Exact copies of all the lines below are required, with the pictures omitted.

=== Section Start ===

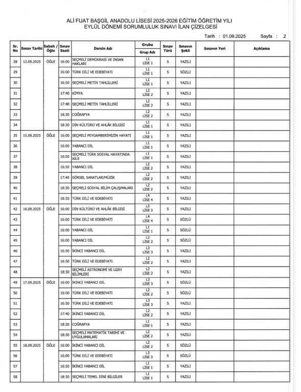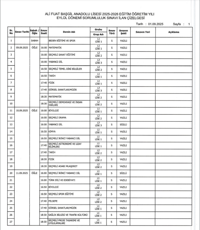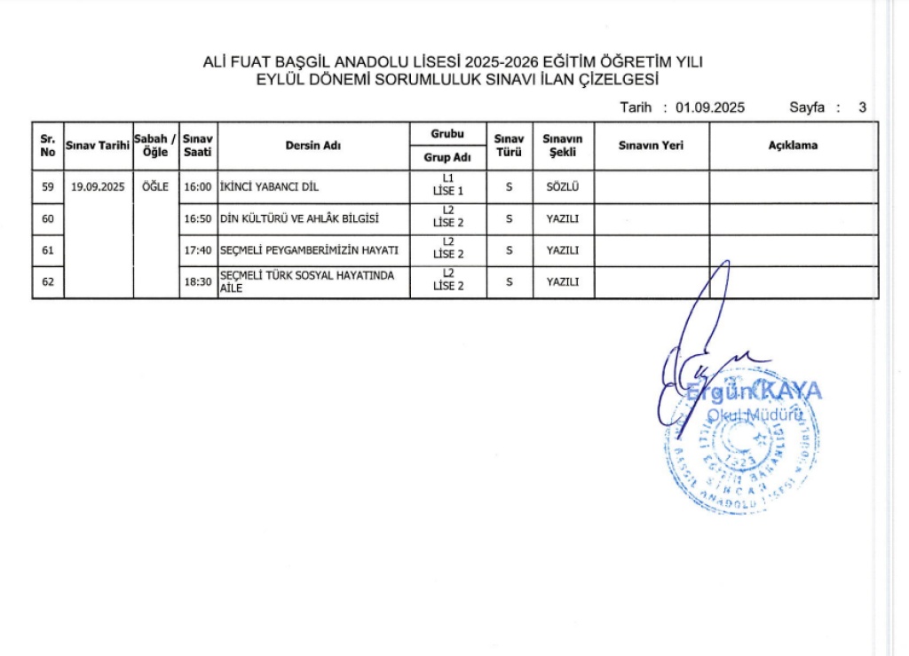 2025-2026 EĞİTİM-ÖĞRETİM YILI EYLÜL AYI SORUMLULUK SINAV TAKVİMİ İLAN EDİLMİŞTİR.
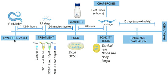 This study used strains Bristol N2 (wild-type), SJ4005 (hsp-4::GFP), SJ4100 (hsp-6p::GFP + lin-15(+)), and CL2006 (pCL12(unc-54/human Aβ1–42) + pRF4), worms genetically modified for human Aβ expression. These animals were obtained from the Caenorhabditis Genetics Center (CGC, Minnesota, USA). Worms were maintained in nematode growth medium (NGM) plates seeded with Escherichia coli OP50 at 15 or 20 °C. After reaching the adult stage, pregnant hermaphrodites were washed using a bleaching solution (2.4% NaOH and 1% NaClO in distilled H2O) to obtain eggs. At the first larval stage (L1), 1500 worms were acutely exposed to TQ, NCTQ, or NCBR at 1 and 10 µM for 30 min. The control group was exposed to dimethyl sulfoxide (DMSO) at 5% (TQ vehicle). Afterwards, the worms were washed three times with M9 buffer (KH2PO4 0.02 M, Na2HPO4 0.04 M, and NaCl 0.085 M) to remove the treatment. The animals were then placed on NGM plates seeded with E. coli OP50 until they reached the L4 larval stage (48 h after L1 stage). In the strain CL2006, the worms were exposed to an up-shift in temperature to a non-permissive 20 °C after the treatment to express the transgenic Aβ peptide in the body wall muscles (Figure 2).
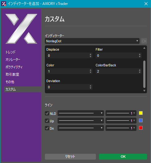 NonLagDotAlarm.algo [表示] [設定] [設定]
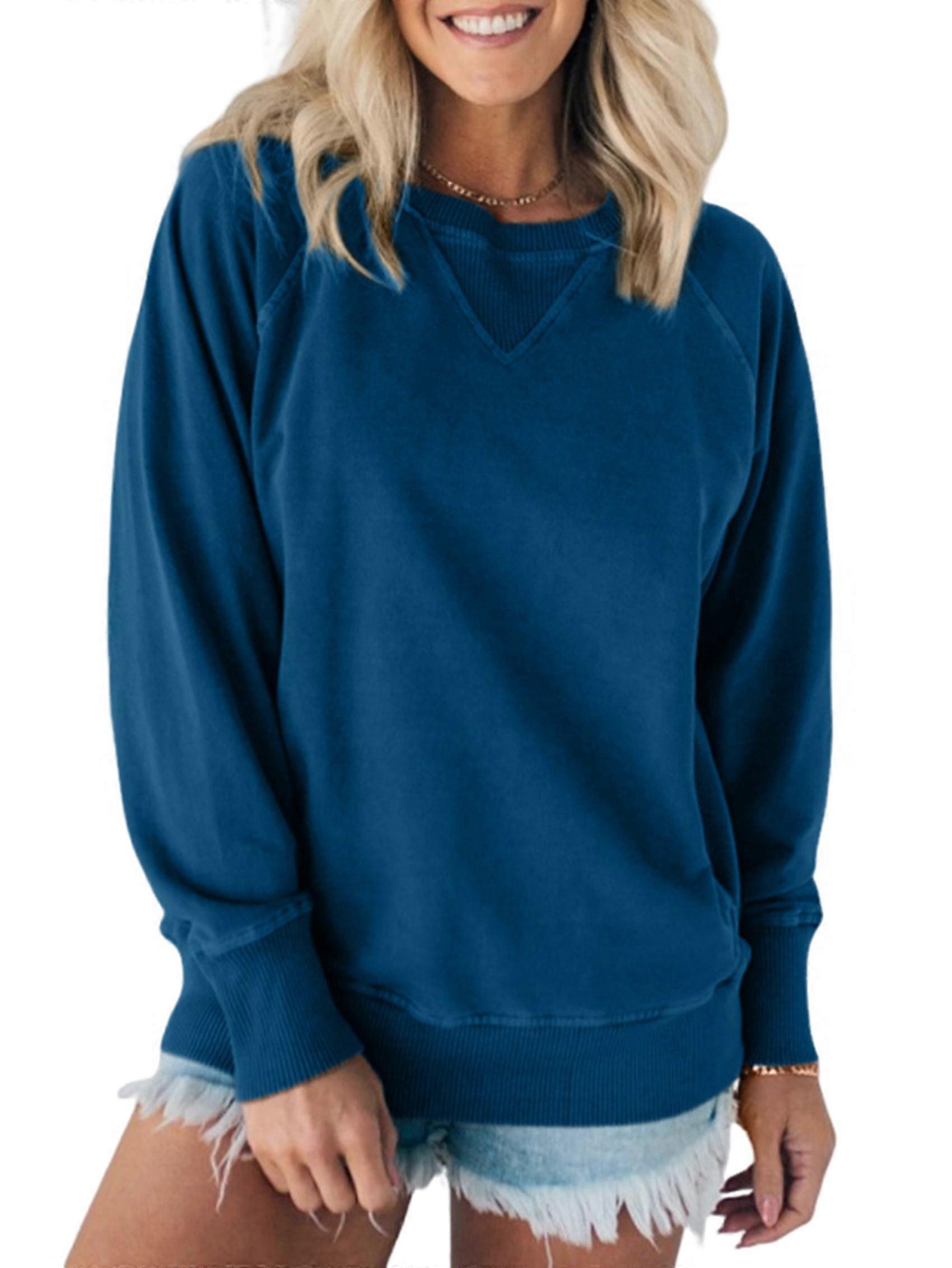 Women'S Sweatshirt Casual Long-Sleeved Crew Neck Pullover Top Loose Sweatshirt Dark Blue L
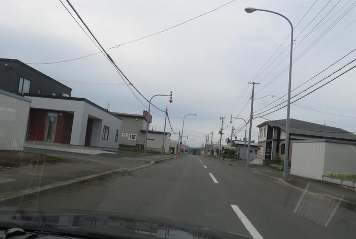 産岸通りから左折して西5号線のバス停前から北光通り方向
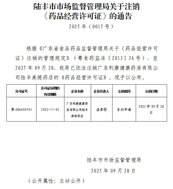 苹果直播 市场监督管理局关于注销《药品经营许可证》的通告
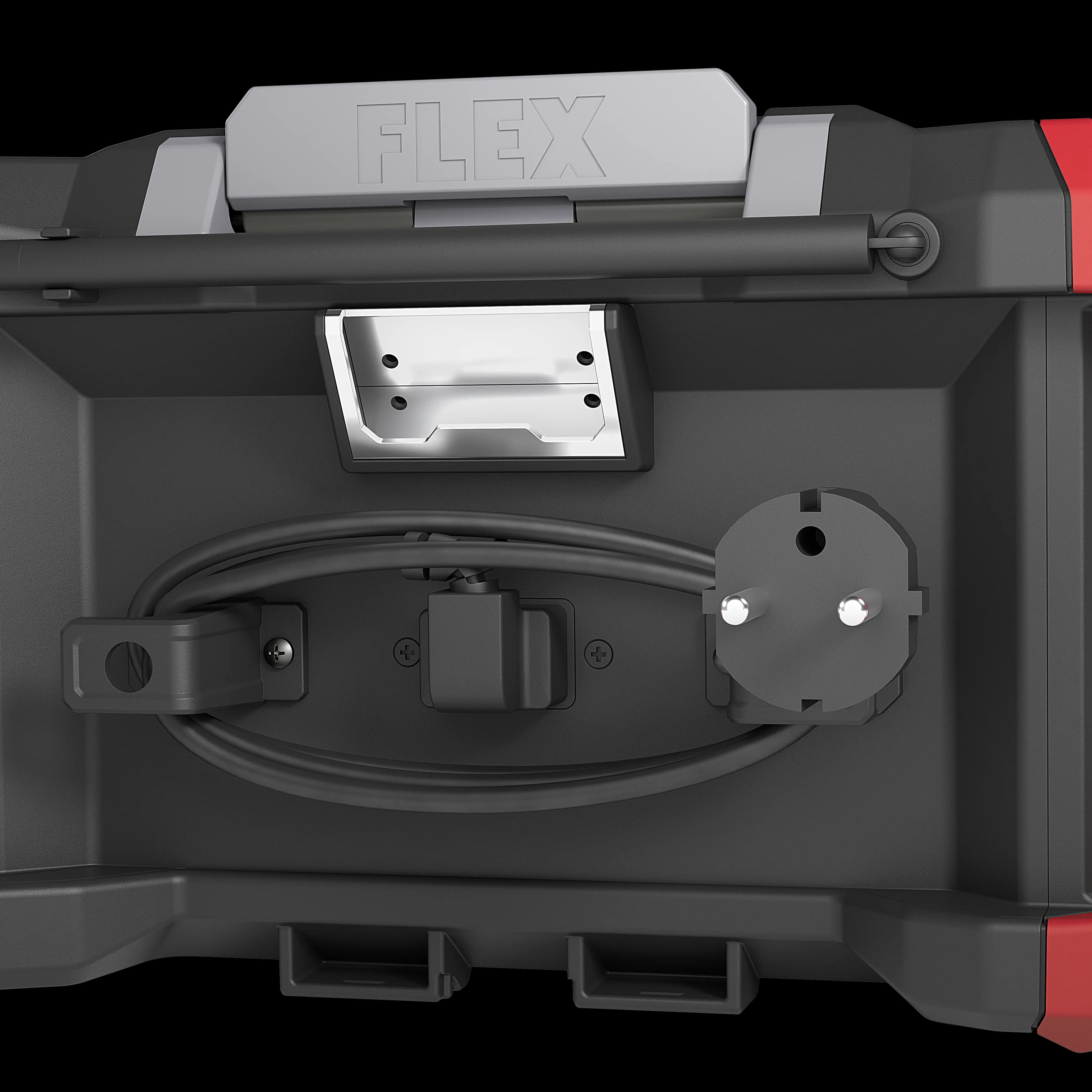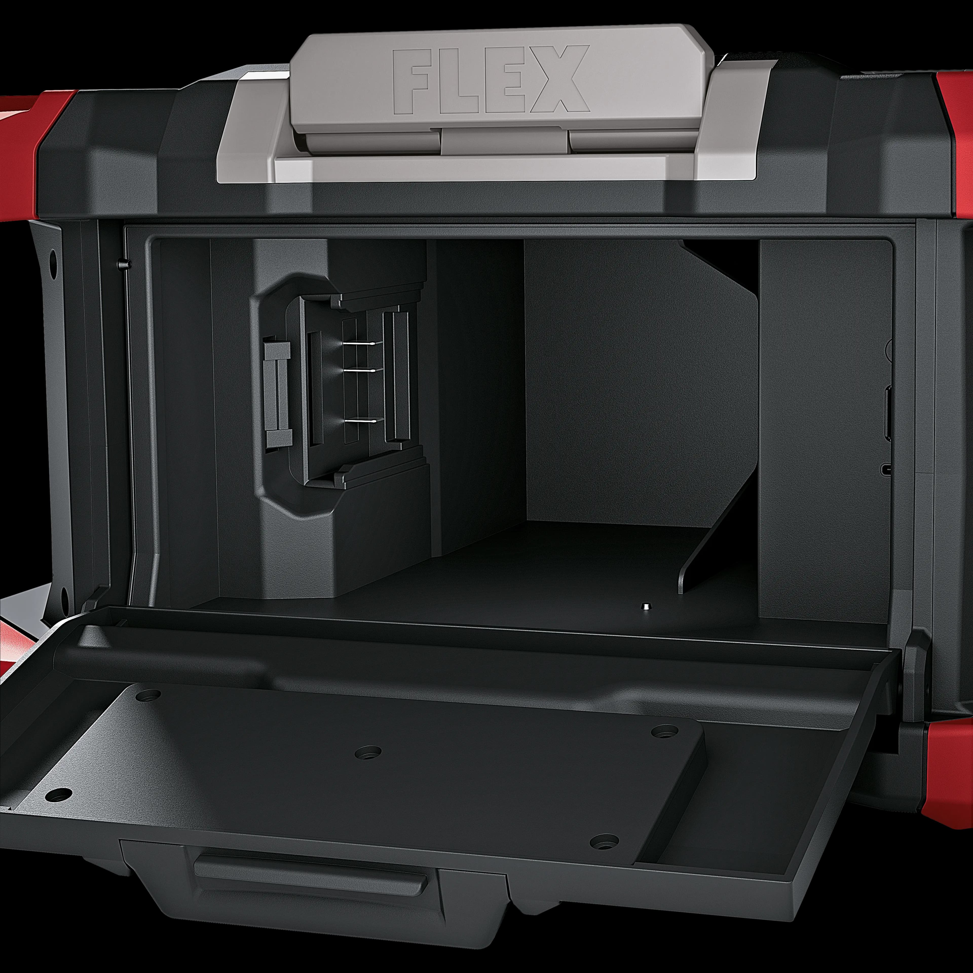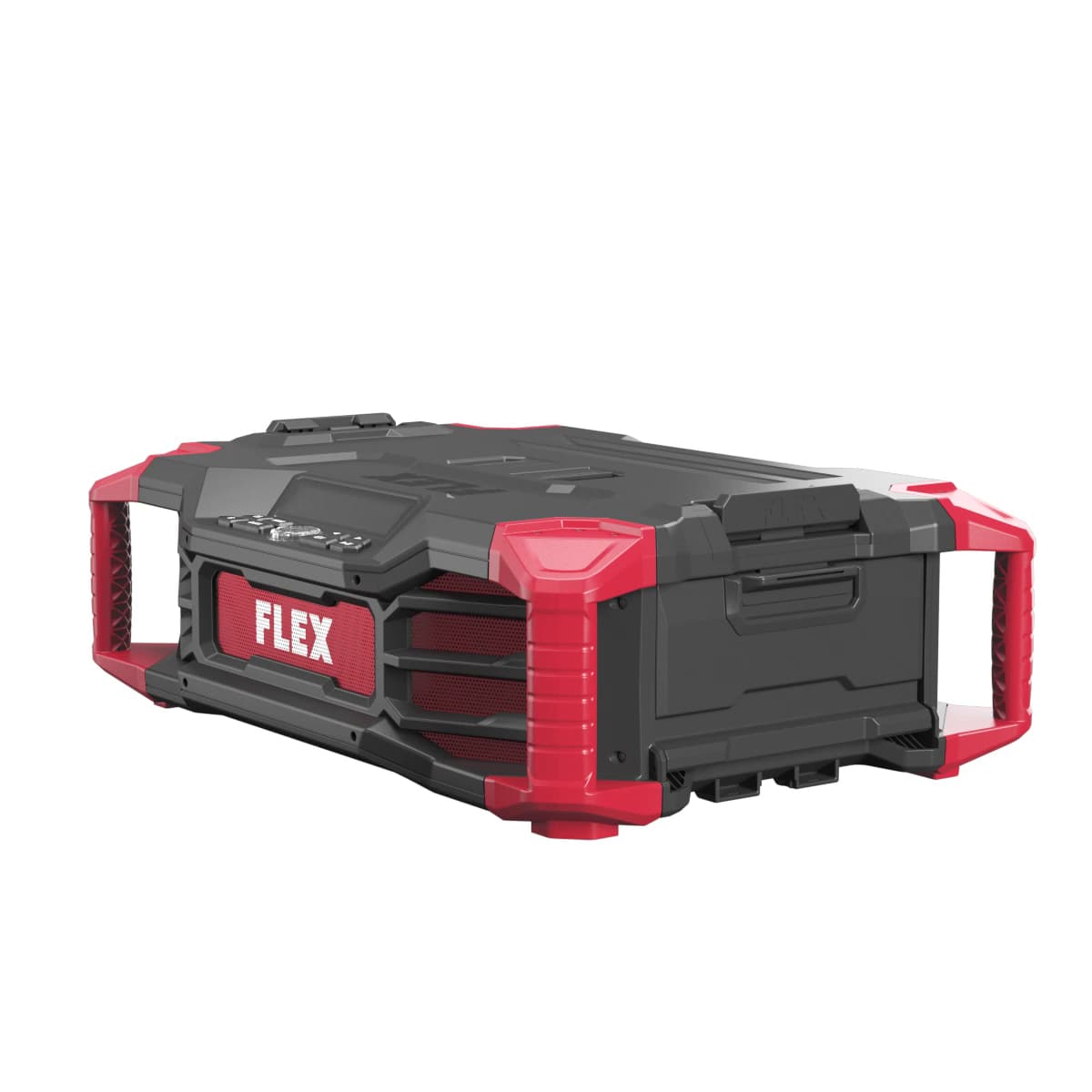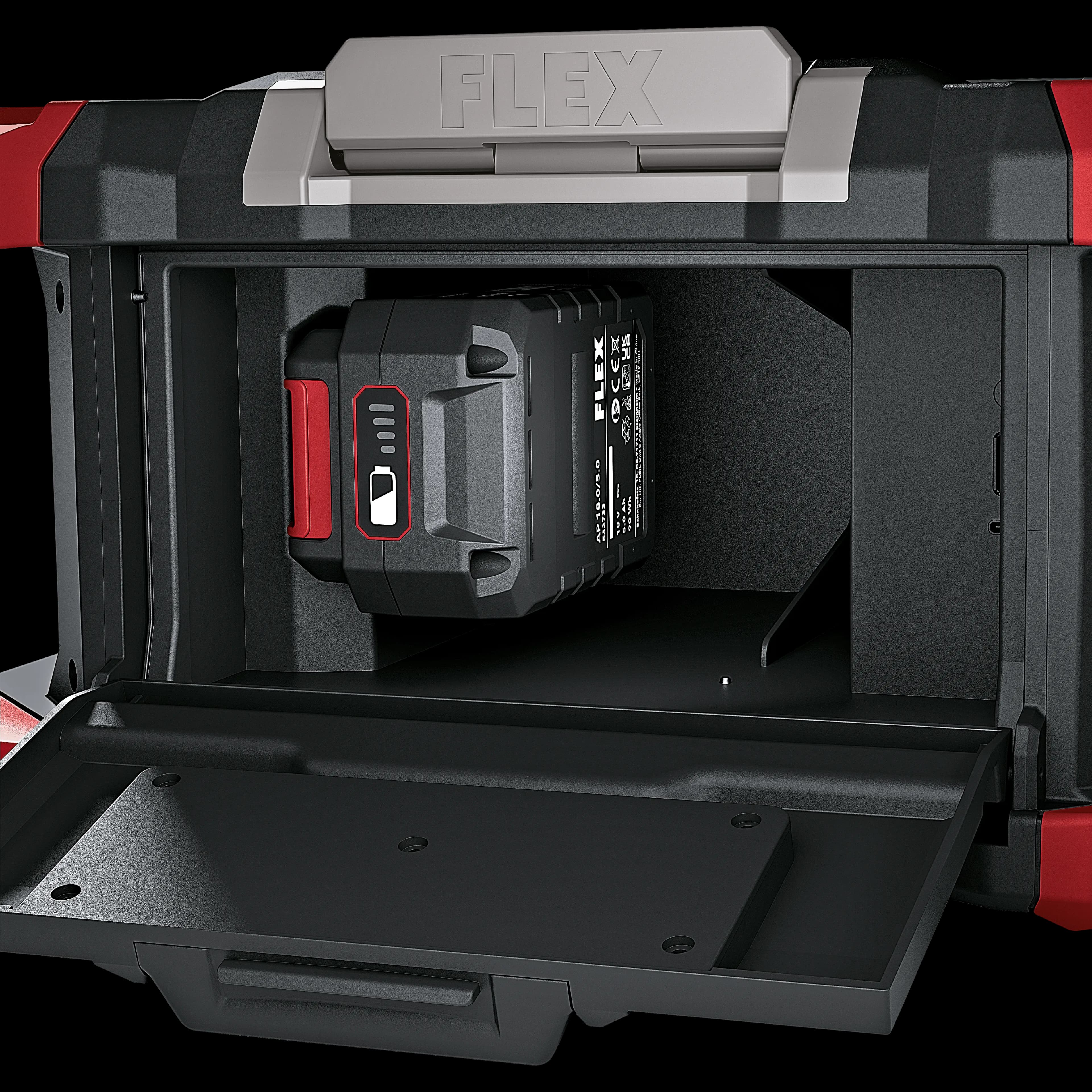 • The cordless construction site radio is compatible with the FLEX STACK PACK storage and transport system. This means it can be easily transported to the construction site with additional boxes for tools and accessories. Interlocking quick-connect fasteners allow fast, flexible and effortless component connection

=== Section End ===

Final answer:
 2025-2026 EĞİTİM-ÖĞRETİM YILI EYLÜL AYI SORUMLULUK SINAV TAKVİMİ İLAN EDİLMİŞTİR.
 This study used strains Bristol N2 (wild-type), SJ4005 (hsp-4::GFP), SJ4100 (hsp-6p::GFP + lin-15(+)), and CL2006 (pCL12(unc-54/human Aβ1–42) + pRF4), worms genetically modified for human Aβ expression. These animals were obtained from the Caenorhabditis Genetics Center (CGC, Minnesota, USA). Worms were maintained in nematode growth medium (NGM) plates seeded with Escherichia coli OP50 at 15 or 20 °C. After reaching the adult stage, pregnant hermaphrodites were washed using a bleaching solution (2.4% NaOH and 1% NaClO in distilled H2O) to obtain eggs. At the first larval stage (L1), 1500 worms were acutely exposed to TQ, NCTQ, or NCBR at 1 and 10 µM for 30 min. The control group was exposed to dimethyl sulfoxide (DMSO) at 5% (TQ vehicle). Afterwards, the worms were washed three times with M9 buffer (KH2PO4 0.02 M, Na2HPO4 0.04 M, and NaCl 0.085 M) to remove the treatment. The animals were then placed on NGM plates seeded with E. coli OP50 until they reached the L4 larval stage (48 h after L1 stage). In the strain CL2006, the worms were exposed to an up-shift in temperature to a non-permissive 20 °C after the treatment to express the transgenic Aβ peptide in the body wall muscles (Figure 2).
 NonLagDotAlarm.algo [表示] [設定] [設定]
 Women'S Sweatshirt Casual Long-Sleeved Crew Neck Pullover Top Loose Sweatshirt Dark Blue L
 産岸通りから左折して西5号線のバス停前から北光通り方向
 苹果直播 市场监督管理局关于注销《药品经营许可证》的通告
 • The cordless construction site radio is compatible with the FLEX STACK PACK storage and transport system. This means it can be easily transported to the construction site with additional boxes for tools and accessories. Interlocking quick-connect fasteners allow fast, flexible and effortless component connection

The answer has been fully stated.